We are testing create volume from image and attaching a volume to an
instance under the following networking error scenarios:

  - No errors
  - All paths have 10% incoming packets dropped
  - All paths have 20% incoming packets dropped
  - All paths have 100% incoming packets dropped
  - Half the paths have 20% incoming packets dropped
  - The other half of the paths have 20% incoming packets dropped
  - Half the paths have 100% incoming packets dropped
  - The other half of the paths have 100% incoming packets dropped

There are single execution versions as well as 10 consecutive operations
variants.

Since these are big changes I'm sure we would all feel a lot more
confident to merge them if storage vendors would run the new tests to
confirm that there are no issues with their backends.

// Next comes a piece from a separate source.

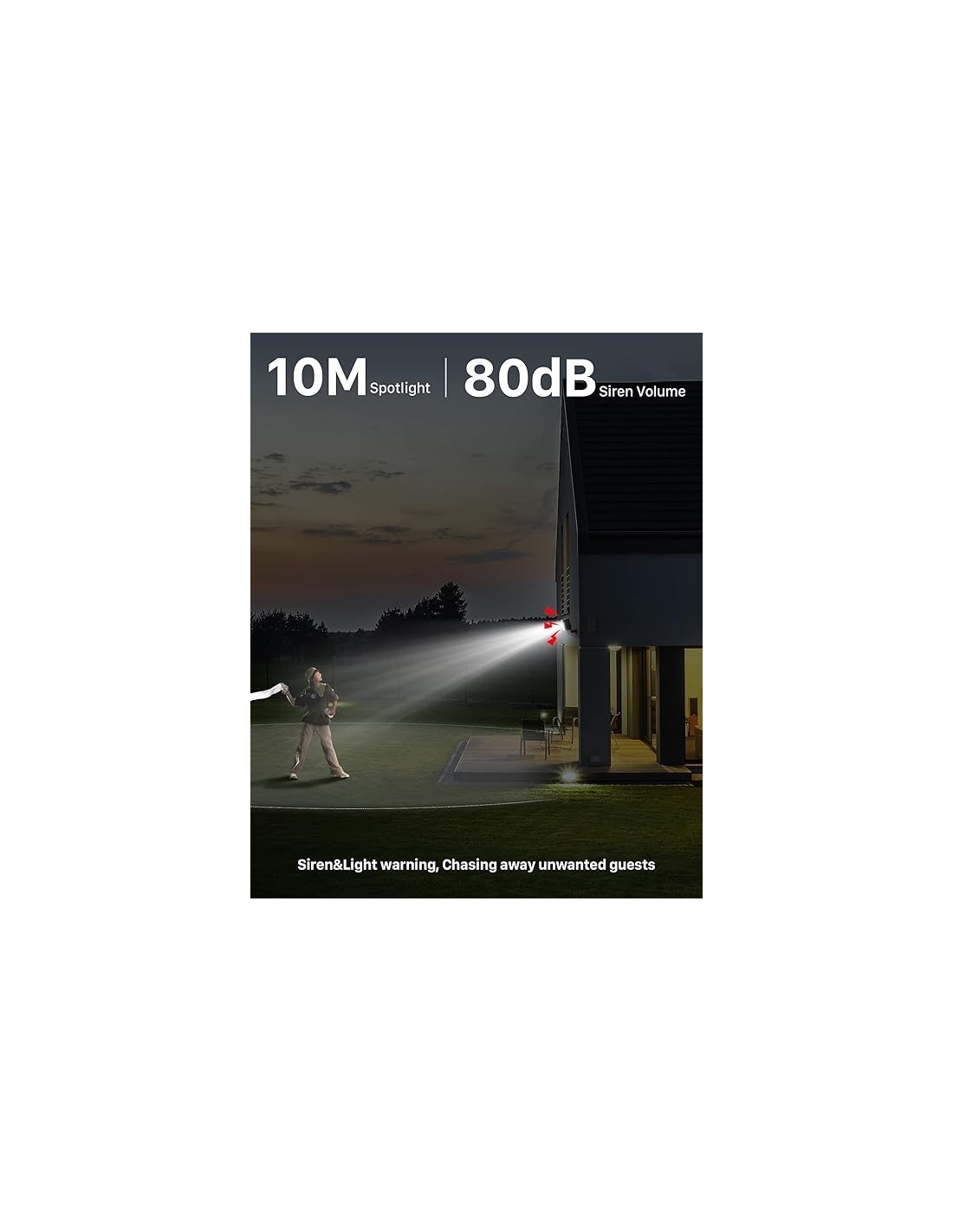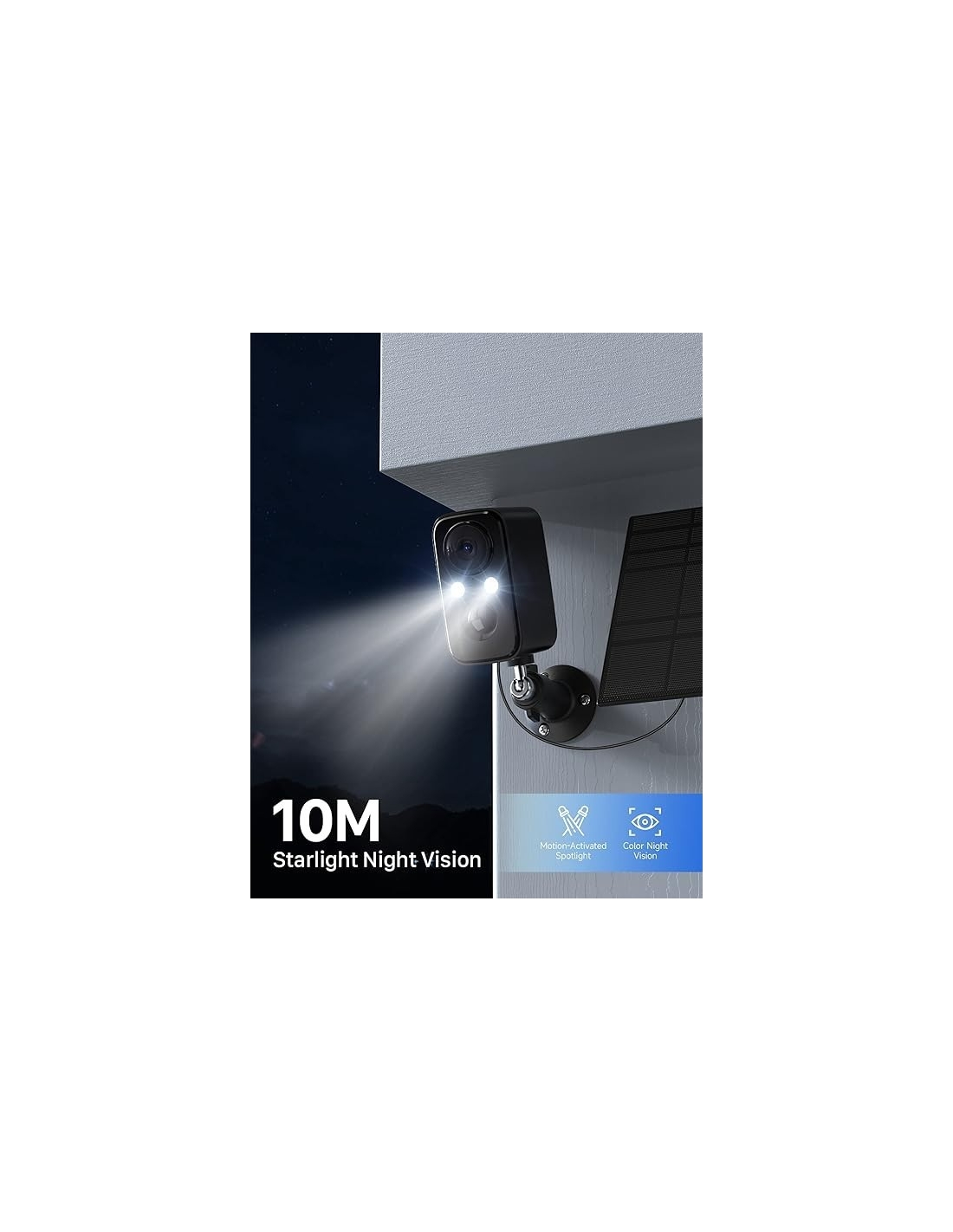 - Super Vision Notturna Colore - Visione potente】 Quando si attiva la funzione di allarme acustico e luminoso o si seleziona la visione notturna intelligente in modalità visione notturna, la telecamera di sorveglianza wifi esterna wireless accende automaticamente il flash quando rileva un movimento. E genera automaticamente un'immagine a colori. Se si sceglie la visione notturna a colori in modalità visione notturna, la fotocamera accenderà continuamente il flash di notte.

Unfortunately to fully test the solution you may need to build the
latest Open-iSCSI package and install it in the system, then you can
just use an all-in-one DevStack with a couple of changes in the local.conf:

enable_service tempest

CINDER_REPO=https://review.openstack.org/p/openstack/cinder
CINDER_BRANCH=refs/changes/45/469445/1

LIBS_FROM_GIT=os-brick

OS_BRICK_REPO=https://review.openstack.org/p/openstack/os-brick
OS_BRICK_BRANCH=refs/changes/94/455394/11

[[post-config|$CINDER_CONF]]
[multipath-backend]
use_multipath_for_image_xfer=true

[[post-config|$NOVA_CONF]]
[libvirt]
volume_use_multipath = True

[[post-config|$KEYSTONE_CONF]]
[token]
expiration = 14400

[[test-config|$TEMPEST_CONFIG]]
[volume-feature-enabled]
multipath = True
[volume]
build_interval = 10
multipath_type = $MULTIPATH_VOLUME_TYPE
backend_protocol_tcp_port = 3260
multipath_backend_addresses = $STORAGE_BACKEND_IP1,$STORAGE_BACKEND_IP2

Multinode configurations are also supported using SSH with use/password or
private key to introduce the errors or check that the systems didn't leave any
leftovers, the tests can also run a cleanup command between tests, etc., but
that's beyond the scope of this email.

Then you can run them all from /opt/stack/tempest with:

  $ cd /opt/stack/tempest
  $ OS_TEST_TIMEOUT=7200 ostestr -r 
cinder.tests.tempest.scenario.test_multipath.*

But I would recommend first running the simplest one without errors and
manually checking that the multipath is being created.

  $ ostestr -n 
cinder.tests.tempest.scenario.test_multipath.TestMultipath.test_create_volume_with_errors_1

Then doing the same with one with errors and verify the presence of the
filters in iptables and that the packet drop for those filters is non zero:

  $ ostestr -n 
cinder.tests.tempest.scenario.test_multipath.TestMultipath.test_create_volume_with_errors_2
  $ sudo iptables -nvL INPUT

Then doing the same with a